Task goal:
As the output, give exactly the lines that run from the one with "Arachide Somala –" through the end of the records below, and omit pictures.

____________

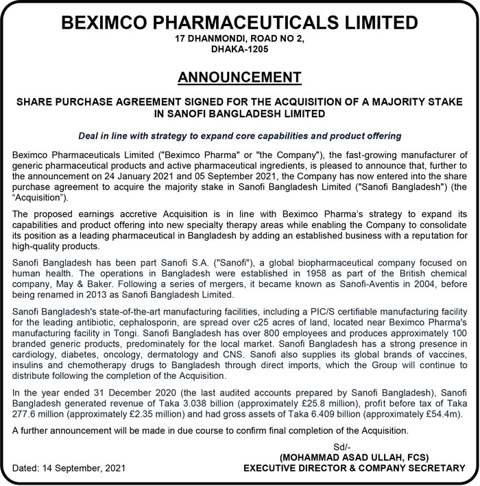 Price Sensitive Information of Beximco Pharmaceuticals Ltd.
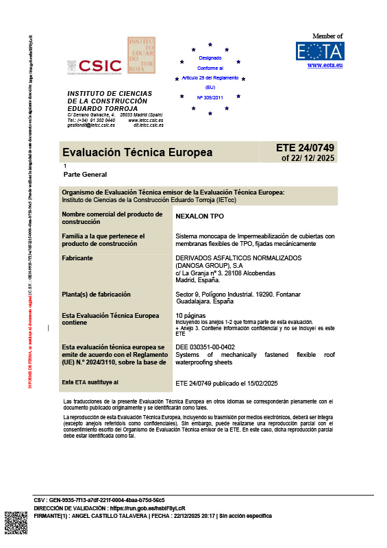Evaluación Técnica Europea láminas NEXALON TPO para sistemas fijados mecánicamente
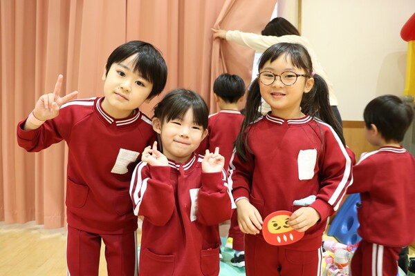 年長組は、鬼のお面をつけた先生たちがカゴを背負い、追いかけ玉入れをしたり、もも組は、バスケットゴールを鬼に見立てて玉入れを楽しんだり、年中組は、自分で描いた鬼の絵に、年少組は、先生が作った鬼に向かって元気いっぱい投げました。「鬼は〜外!」「福は〜内!」と、どの学年からも大きな声が聞こえてきて、子ども達の気合いもバッチリです!!
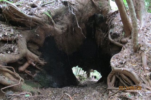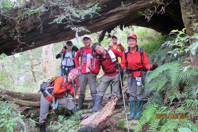 0700 大樹洞+巨木(014),H2025m,一顆中空的巨倒木斜躺在山徑旁,大夥兒下去洞口拍照,學電影裡
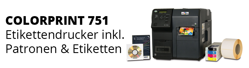 Passende Farbetikettendrucker: COLORPRINT 751, COLORPRINT 750, COLORPRINT VP700, EPSON ColorWorks C7500, PRIMERA LX2000E sowie Thermotransfer-Etikettendrucker mit SDR-Farbband.
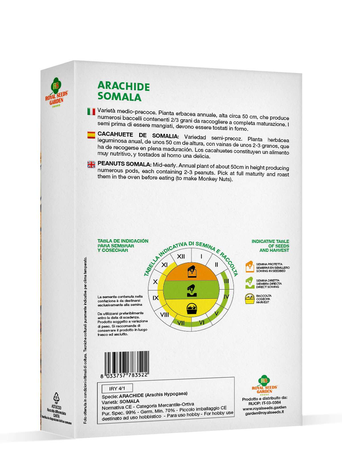 Arachide Somala – Varietà medio-precoce. Pianta erbacea annuale, alta circa 50 cm, che produce numerosi baccelli contenenti 2/3 grani da raccogliere a completa maturazione. I semi prima di essere mangiati, devono essere tostati in forno.
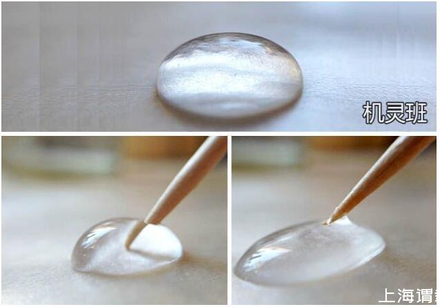 引申實驗,在水滴上放置1滴油,把它們混合在一起后,再用干凈的牙簽戳混合后的液滴,看看此時會發(fā)生什么現(xiàn)象。然后用蘸有洗潔精的牙簽戳混合后的液滴,看看又會出現(xiàn)什么現(xiàn)象。
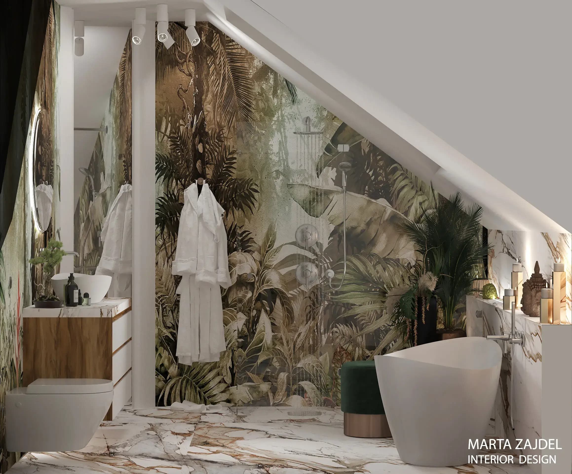 Tapety w pokojach oraz w łazienkach wprowadzają klimat relaksu i pozwalają poczuć się jak w egzotycznym SPA.
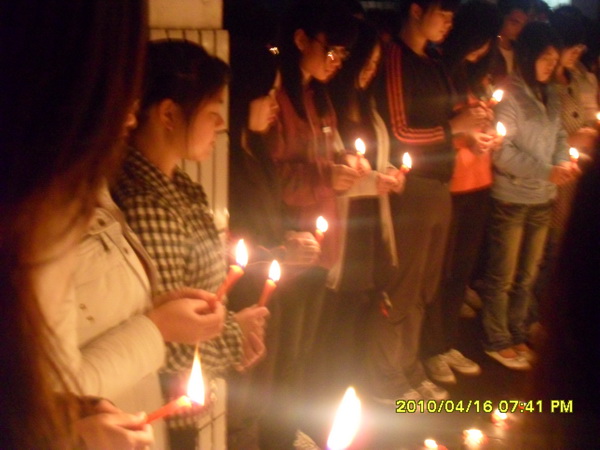 4月16日晚,三明学院经济管理系的同学们在活动广场点亮蜡烛,拼成爱心和“4.14玉树”的字样,为遇难同胞默哀,并为灾区人民祈福。全体学生在烛光中默哀、追思、祝福、祈祷,愿逝者安息,同时倡议大家携起手来,各尽所能,帮助玉树地震灾区人民度过难关!
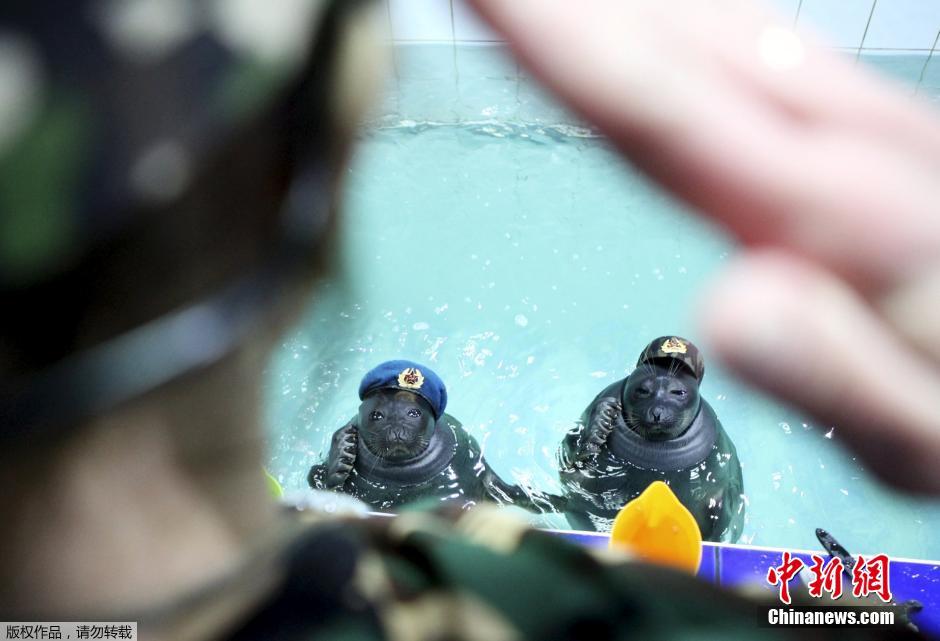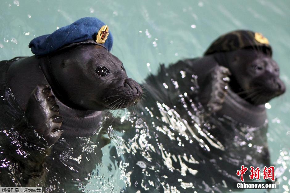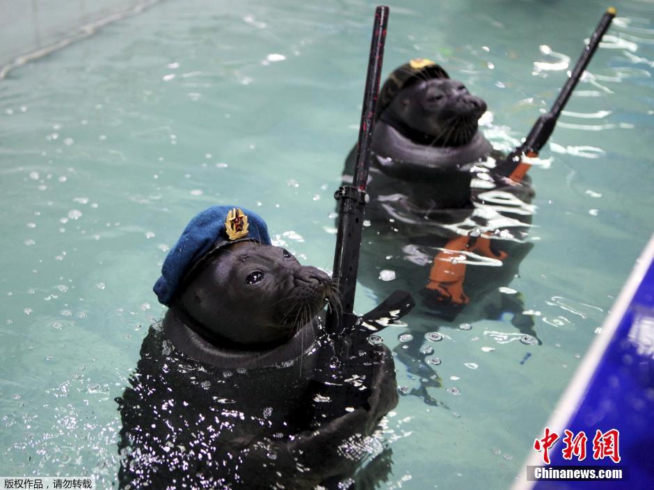 當?shù)貢r間5月9日,莫斯科紅場舉行盛大閱兵式慶祝衛(wèi)國戰(zhàn)爭勝利70周年。在俄羅斯的伊爾庫茨克水上公園里,海豹們也身著“軍裝”認真的在水中列隊接受訓(xùn)練員的檢閱。

____________

Exercise output:
 Arachide Somala – Varietà medio-precoce. Pianta erbacea annuale, alta circa 50 cm, che produce numerosi baccelli contenenti 2/3 grani da raccogliere a completa maturazione. I semi prima di essere mangiati, devono essere tostati in forno.
 引申實驗,在水滴上放置1滴油,把它們混合在一起后,再用干凈的牙簽戳混合后的液滴,看看此時會發(fā)生什么現(xiàn)象。然后用蘸有洗潔精的牙簽戳混合后的液滴,看看又會出現(xiàn)什么現(xiàn)象。
 Tapety w pokojach oraz w łazienkach wprowadzają klimat relaksu i pozwalają poczuć się jak w egzotycznym SPA.
 4月16日晚,三明学院经济管理系的同学们在活动广场点亮蜡烛,拼成爱心和“4.14玉树”的字样,为遇难同胞默哀,并为灾区人民祈福。全体学生在烛光中默哀、追思、祝福、祈祷,愿逝者安息,同时倡议大家携起手来,各尽所能,帮助玉树地震灾区人民度过难关!
 當?shù)貢r間5月9日,莫斯科紅場舉行盛大閱兵式慶祝衛(wèi)國戰(zhàn)爭勝利70周年。在俄羅斯的伊爾庫茨克水上公園里,海豹們也身著“軍裝”認真的在水中列隊接受訓(xùn)練員的檢閱。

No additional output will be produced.